Le document publié par MATS et Anthropic Fellows conclut par un avertissement : bien que les contrats intelligents puissent être la première cible de cette vague d’attaques automatisées, les logiciels propriétaires pourraient être la prochaine cible à mesure que les agents s’améliorent en ingénierie inverse.
Crucialement, le document rappelle également aux lecteurs que les mêmes agents d’IA peuvent être déployés pour la défense afin de corriger les vulnérabilités. Pour atténuer la menace financière systémique des attaques DeFi facilement automatisées, Rausis propose un plan d’action en trois étapes pour les décideurs politiques et les régulateurs : supervision de l’IA, nouvelles normes d’audit et coordination mondiale.
FAQ ❓
- Qu’a révélé l’étude sur les agents d’IA ? Les modèles d’IA comme GPT‑5 et Claude ont exploité des contrats intelligents d’une valeur de 4,6 millions de dollars dans des simulations.
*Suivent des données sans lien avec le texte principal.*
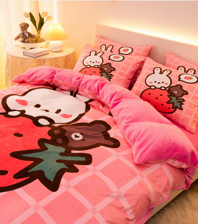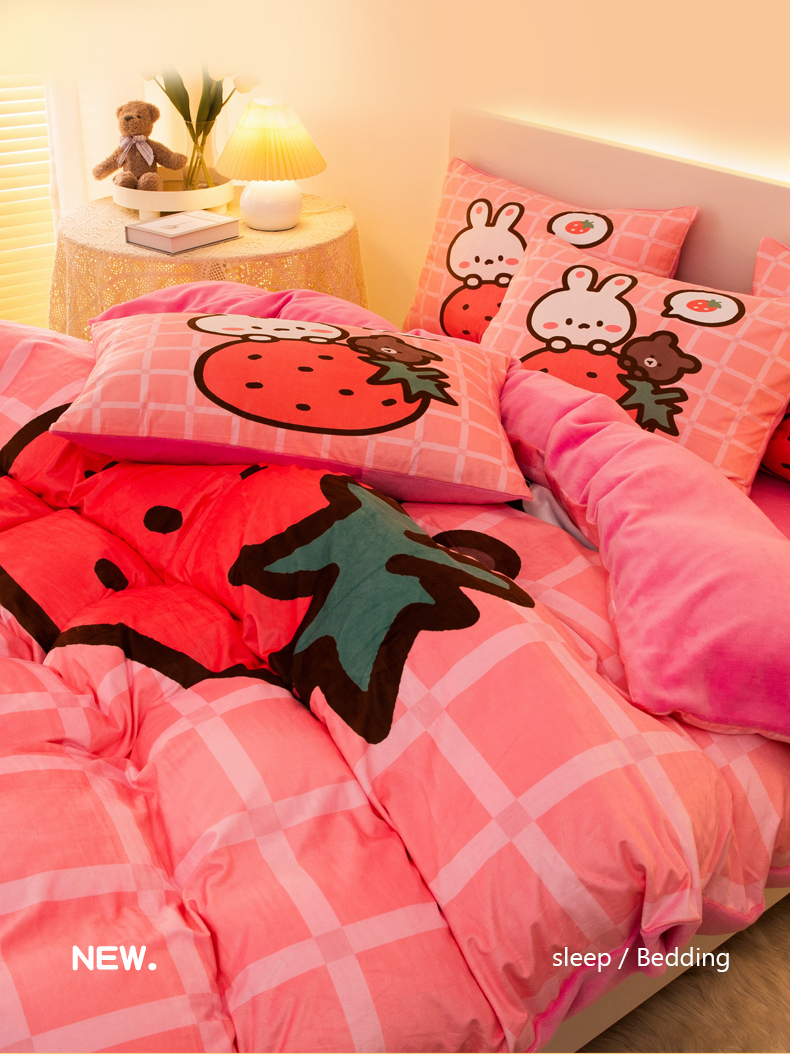 一电 2025外贸跨境电商儿童卡通床上四件套亲肤牛奶绒学生三件床单被套加大珊瑚宝宝卡通单被套 草莓动物

- Pourquoi ce risque s’intensifie-t-il dans le monde entier ? Les coûts des tokens pour les exploitations ont chuté de 70 %, rendant les attaques moins chères et plus évolutives dans les régions.
- L’impact financier pourrait-il s’étendre au-delà de DeFi ? Les experts avertissent que les pertes réelles pourraient atteindre 50 millions à 500 millions de dollars par exploitation, avec une exposition mondiale pouvant atteindre 20 milliards de dollars par an.
- Comment les régulateurs et développeurs peuvent-ils répondre ? Les chercheurs exhortent à une supervision de l’IA, à des normes d’audit renforcées et à une coordination transfrontalière pour défendre les systèmes.